Beginning at the line containing "Centrale portiek met" in the material below and ending at the line containing "さごしのしょうゆだれかけ みそ汁 みずなの煮びたし 牛乳 ごはん", return each line exactly and add nothing.

[Exercise data]
==================================================

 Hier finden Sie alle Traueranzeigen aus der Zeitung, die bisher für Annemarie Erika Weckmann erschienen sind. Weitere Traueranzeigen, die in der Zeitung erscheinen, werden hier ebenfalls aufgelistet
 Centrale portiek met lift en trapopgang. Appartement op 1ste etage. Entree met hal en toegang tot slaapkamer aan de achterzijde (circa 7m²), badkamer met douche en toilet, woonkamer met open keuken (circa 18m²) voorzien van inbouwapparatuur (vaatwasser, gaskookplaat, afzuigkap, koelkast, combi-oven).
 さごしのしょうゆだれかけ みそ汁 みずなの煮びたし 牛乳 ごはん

==================================================

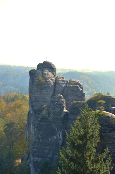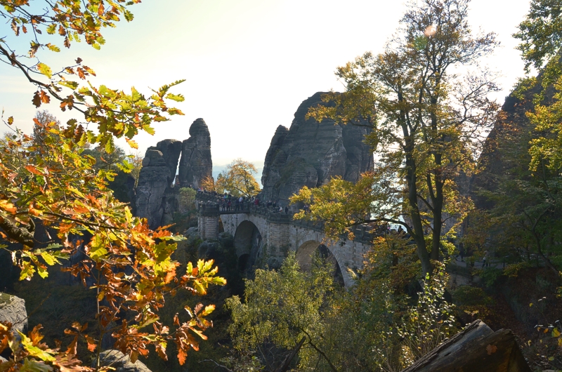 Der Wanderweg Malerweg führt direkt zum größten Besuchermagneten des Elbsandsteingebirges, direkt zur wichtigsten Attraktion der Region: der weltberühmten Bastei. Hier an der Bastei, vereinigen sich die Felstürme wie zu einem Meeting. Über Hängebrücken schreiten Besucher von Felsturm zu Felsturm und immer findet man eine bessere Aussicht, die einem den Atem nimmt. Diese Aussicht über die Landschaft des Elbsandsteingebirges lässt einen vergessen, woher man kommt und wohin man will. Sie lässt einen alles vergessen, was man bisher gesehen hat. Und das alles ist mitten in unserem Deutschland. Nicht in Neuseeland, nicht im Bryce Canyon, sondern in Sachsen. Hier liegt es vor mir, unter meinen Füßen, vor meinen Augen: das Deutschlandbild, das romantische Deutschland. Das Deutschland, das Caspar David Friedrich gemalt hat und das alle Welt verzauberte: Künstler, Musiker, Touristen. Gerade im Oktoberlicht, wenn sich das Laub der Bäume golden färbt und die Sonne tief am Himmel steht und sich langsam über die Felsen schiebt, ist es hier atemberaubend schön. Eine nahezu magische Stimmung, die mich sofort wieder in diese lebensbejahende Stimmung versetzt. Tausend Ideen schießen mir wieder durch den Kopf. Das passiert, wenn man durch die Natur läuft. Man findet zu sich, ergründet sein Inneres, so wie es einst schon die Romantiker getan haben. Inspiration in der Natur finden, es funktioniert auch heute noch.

==================================================

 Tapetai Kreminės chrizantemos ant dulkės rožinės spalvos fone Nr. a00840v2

==================================================

[Task solution]
 Centrale portiek met lift en trapopgang. Appartement op 1ste etage. Entree met hal en toegang tot slaapkamer aan de achterzijde (circa 7m²), badkamer met douche en toilet, woonkamer met open keuken (circa 18m²) voorzien van inbouwapparatuur (vaatwasser, gaskookplaat, afzuigkap, koelkast, combi-oven).
 さごしのしょうゆだれかけ みそ汁 みずなの煮びたし 牛乳 ごはん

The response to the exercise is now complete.